— Ха! ха! ха! ха! ха! ха! — засмеялся хозяин дома, жестом приглашая меня сесть, как только я вошел, и сам бросаясь на оттоманку и вытягиваясь во весь рост. — Я вижу, — сказал он, заметив, что я не сразу мог примириться с допустимостью столь необычного приветствия, — я вижу, что вы ошеломлены моими апартаментами, моими статуями, моими картинами, оригинальностью моих понятий по части архитектуры и обмеблировки! Опьянели от моего великолепия, а? Но прошу извинить меня, милостивый государь (здесь тон его переменился и стал воплощением самой сердечности); прошу извинить меня за мой непристойный смех. У вас был такой ошеломленный вид. Кроме того, есть вещи настолько забавные, что человек должен или засмеяться, или умереть. Умереть, смеясь, — вот, наверное, самая великолепная изо всех великолепных смертей! Сэр Томас Мор[53] — превосходнейший был человек сэр Томас Мор, — сэр Томас Мор умер смеясь, как вы помните. А в «Абсурдностях» Равизия Текстора[54] приводится длинный перечень лиц, умерших тою же славною смертью. Знаете ли вы, однако, — продолжал он задумчиво, — что в Спарте (которая теперь называется Палеохорами), что в Спарте к западу от цитадели, среди хаоса едва видимых руин, находится нечто наподобие цоколя, на котором поныне различимы буквы ЛAΣM. Несомненно, это часть слова ГEЛAΣMA[55]. Так вот, в Спарте стояла тысяча храмов и алтарей, посвященных тысяче разных божеств. И странно до чрезвычайности, что алтарь Смеха пережил все остальные! Но в настоящем случае, — тут его голос и манера странным образом переменились, — я не имею права веселиться за ваш счет. У вас были основания изумляться. Вся Европа не в силах создать ничего прекраснее моей царской комнатки. Другие мои апартаменты ни в коей мере не похожи на этот — они просто-напросто ultra[56] модной безвкусицы. А это будет получше моды, не правда ли? И все же стоит показать эту комнату, и она послужит началом последнего крика моды, разумеется, для тех, кто может себе это позволить ценою всего своего родового имения. Однако я уберегся от подобной профанации. За одним исключением, вы единственный человек, не считая меня и моего камердинера, который был посвящен в тайны этого царского чертога, с тех пор как он обрел свой нынешний вид!
Я поклонился с признательностью — ибо подавляющая пышность, благовония и музыка в соединении с неожиданною эксцентричностью его обращения и манер помешали мне выразить словесно мою оценку того, что я мог бы воспринять в качестве комплимента.
— Здесь, — продолжал он, встав и опираясь о мою руку, по мере того как мы расхаживали вокруг покоя, — здесь живопись от греков до Чимабуэ[57] и от Чимабуэ до нашего времени.
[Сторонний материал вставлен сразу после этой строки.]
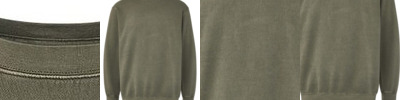 - Ribbed-knit crew neck collar with V-stitching at neckline

Как видите, многое выбрано без малейшего внимания к мнениям Добродетели. Но все достойно украшать комнату, подобную этой. Здесь некоторые шедевры великих художников, оставшихся неизвестными; здесь же неоконченные эскизы работы мастеров, прославленных в свое время, даже имена которых по прозорливости академий были предоставлены безмолвию и мне. Что вы думаете, — спросил он, резко повернувшись ко мне, — что вы думаете об этой Мадонне della Pieta?[58]
— Это работа самого Гвидо![59] — воскликнул я со всем энтузиазмом, мне присущим, ибо я пристально рассматривал ее все затмевающую прелесть. — Это работа самого Гвидо! Как могли вы ее добыть? Несомненно, для живописи она то же, что Венера для скульптуры.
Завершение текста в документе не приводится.